Re: [PATCH v3 1/2] mm: store zero pages to be swapped out in a bitmap

Yosry Ahmed <yosryahmed@xxxxxxxxxx> · Tue, 11 Jun 2024 08:42:51 -0700

On Tue, Jun 11, 2024 at 4:49 AM Usama Arif <usamaarif642@xxxxxxxxx> wrote:
>
> @@ -515,8 +600,11 @@ void swap_read_folio(struct folio *folio, bool
> synchronous,
> >>>>                   psi_memstall_enter(&pflags);
> >>>>           }
> >>>>           delayacct_swapin_start();
> >>>> -
> >>>> -       if (zswap_load(folio)) {
> >>>> +       if (swap_zeromap_folio_test(folio)) {
> >>>> +               folio_zero_fill(folio);
> >>>> +               folio_mark_uptodate(folio);
> >>>> +               folio_unlock(folio);
> >>> We don't currently support swapping in large folios, but it is a work
> >>> in progress, and this will break once we have it.
> >>> swap_zeromap_folio_test() will return false even if parts of the folio
> >>> are in fact zero-filled. Then, we will go read those from disk swap,
> >>> essentially corrupting data.
> >> So yes, with this patch I tested swap out of large zero folio, but when
> >> swapping in it was page by page. My assumption was that swap_read_folio
> >> (when support is added) would only pass a large folio that was earlier
> >> swapped out as a large folio. So if a zero filled large folio was
> >> swapped out, the zeromap will be set for all the pages in that folio,
> >> and at large folio swap in (when it is supported), it will see that all
> >> the bits in the zeromap for that folio are set,  and will just
> >> folio_zero_fill.
> >>
> >> If even a single page in large folio has non-zero data then zeromap will
> >> not store it and it will go to either zswap or disk, and at read time as
> >> all the bits in zeromap are not set, it will still goto either zswap or
> >> disk, so I think this works?
> >>
> >> Is my assumption wrong that only large folios can be swapped in only if
> >> they were swapped out as large? I think this code works in that case.
> > I think the assumption is incorrect. I think we would just check if
> > contiguous PTEs have contiguous swap entries and swapin the folio as a
> > large folio in this case. It is likely that the swap entries are
> > contiguous because it was swapped out as a large folio, but I don't
> > think it's guaranteed.
>
> Yes, makes sense. Thanks for explaining this.
>
> >
> > For example, here is a patch that implements large swapin support for
> > the synchronous swapin case, and I think it just checks that the PTEs
> > have contiguous swap entries:
> > https://lore.kernel.org/linux-mm/20240304081348.197341-6-21cnbao@xxxxxxxxx/
> >
> > This makes a lot of sense because otherwise you'd have to keep track
> > of how the folios were composed at the time of swapout, to be able to
> > swap the same folios back in.
>
> I think the solution to large folio swap-in for this optimization and
> zswap is not in swap_read_folio in this patch-series or any call further
> down the stack, as its too late by the time you reach here, but in
> Barrys' patch. This needs to happen much earlier when deciding the size
> of the folio at folio creation in alloc_swap_folio, after Barry checks
>
>      if (is_zswap_enabled())
>          goto fallback;
>
> once the order is decided, we would need to check the indexes in the
> zeromap array starting from swap_offset(entry) and ending at
> swap_offset(entry) + 2^order are set. If no bits are set, or all bits
> are set, then we allocate large folio. Otherwise, we goto fallback.
>
> I think its better to handle this in Barrys patch. I feel this series is
> close to its final state, i.e. the only diff I have for the next
> revision is below to remove start/end_writeback for zer_filled case. I
> will comment on Barrys patch once the I send out the next revision of this.

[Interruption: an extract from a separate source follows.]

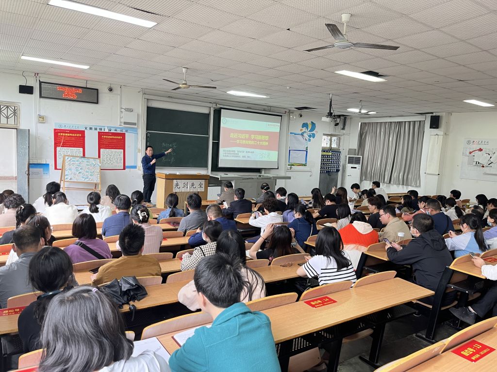 陈全新以《走近习近平学习新思想》为题,从为什么学、学什么、怎么学三个方面为切入点,指出学习习近平新时代中国特色社会主义思想,坚持用党的创新理论武装头脑、指导实践、推动工作,以习近平五级书记的成长之路为例,激励新时代青年教师要以习近平总书记为榜样,继承和发扬吃苦耐劳、艰苦奋斗的精神,做有理想、敢担当、能吃苦、肯奋斗的新时代好教师,为党和人民培育英才。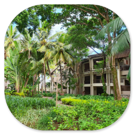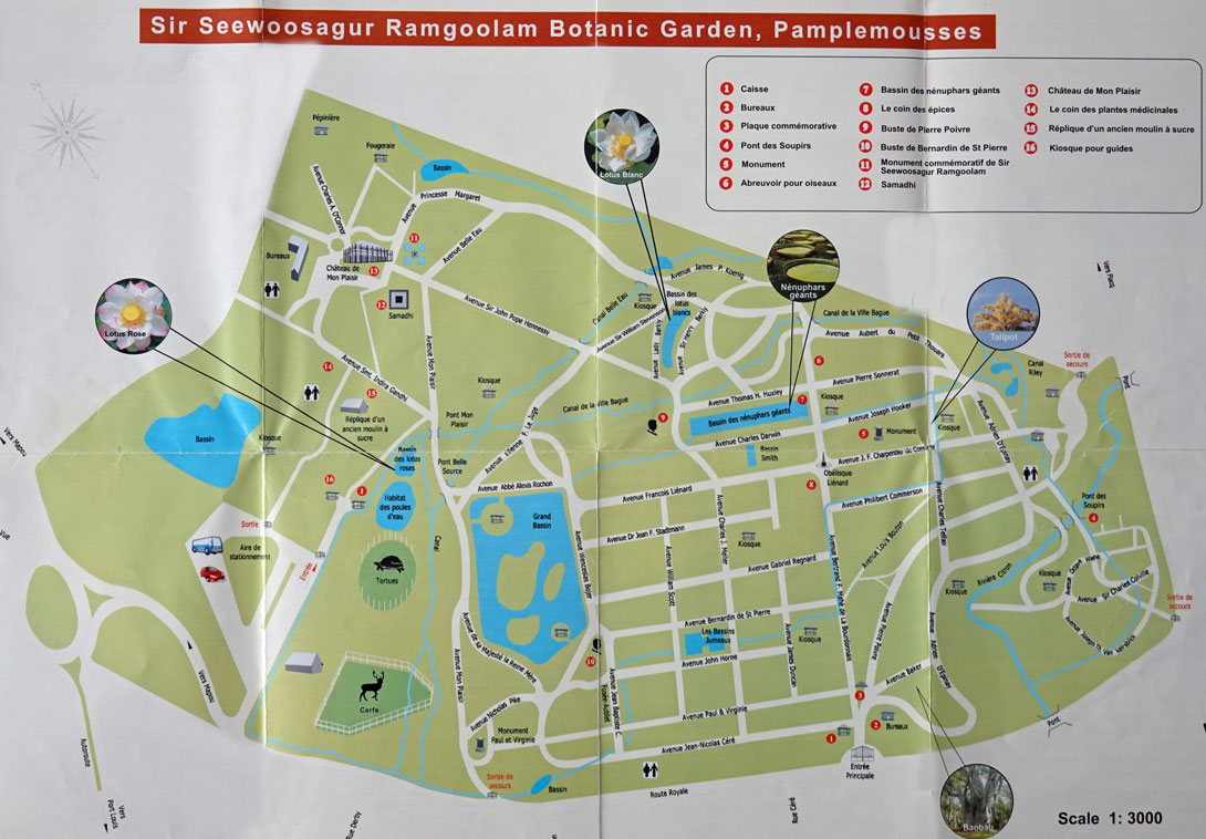 Für 200 Rupien bekommen wir eine Eintrittskarte und einen Plan, mit dem wir uns zurechtfinden wollen, denn es sind alle Straßen und Wege mit Namen aufgezeichnet. Heute sind nur ganz wenige Besucher im Park. Da wir vor 20 Jahren schon einmal hier waren, hoffen wir zielgerichtet zu den Teichen mit den Wasserlilien und Seerosen zu kommen. Auf die Hirsche, Enten und Schildkröten wollen wir verzichten, weil wir die schon einmal in der vorigen Woche im Süden der Insel im Coloured Earth Geopark gesehen hatten. Wir nehmen uns zwei Stunden Zeit für einen Spaziergang durch den großen Park, der eigentlich ganz erholsam ist, denn unter den schattigen hohen Bäumen spürt man nicht die Hitze des Tages, denn immerhin sind es jetzt noch 32°C.Wir marschieren also geradeaus los und sind auch ziemlich schnell am Chateau de Mon Plaisir, an dem gerade Bauarbeiten stattfinden. Nach kurzer Zeit merken wir, dass wir uns auf den verschlungenen Wegen kräftig verlaufen haben, was allerdings kein Wunder ist, denn fast überall fehlen die Schilder an den Wegen. Der Park ist schlecht gepflegt und die Bezeichnungen an den Bäumen und Pflanzen sind so verwittert, dass sie fast alle unlesbar sind. Das ist sehr schade.

Sorry I did not make myself clearer. I did not mean that you should
handle the large folio swapin here. This needs to be handled at a
higher level because as you mentioned, a large folio may be partially
in the zeromap, zswap, swapcache, disk, etc.

What I meant is that we should probably have a debug check to make
sure this doesn't go unhandled. For zswap, I am trying to add a
warning and fail the swapin operation if a large folio slips through
to zswap. We can do something similar here if folks agree this is the
right way in the interim:
https://lore.kernel.org/lkml/20240611024516.1375191-3-yosryahmed@xxxxxxxxxx/.

Maybe I am too paranoid, but I think it's easy to mess up these things
when working on large folio swapin imo.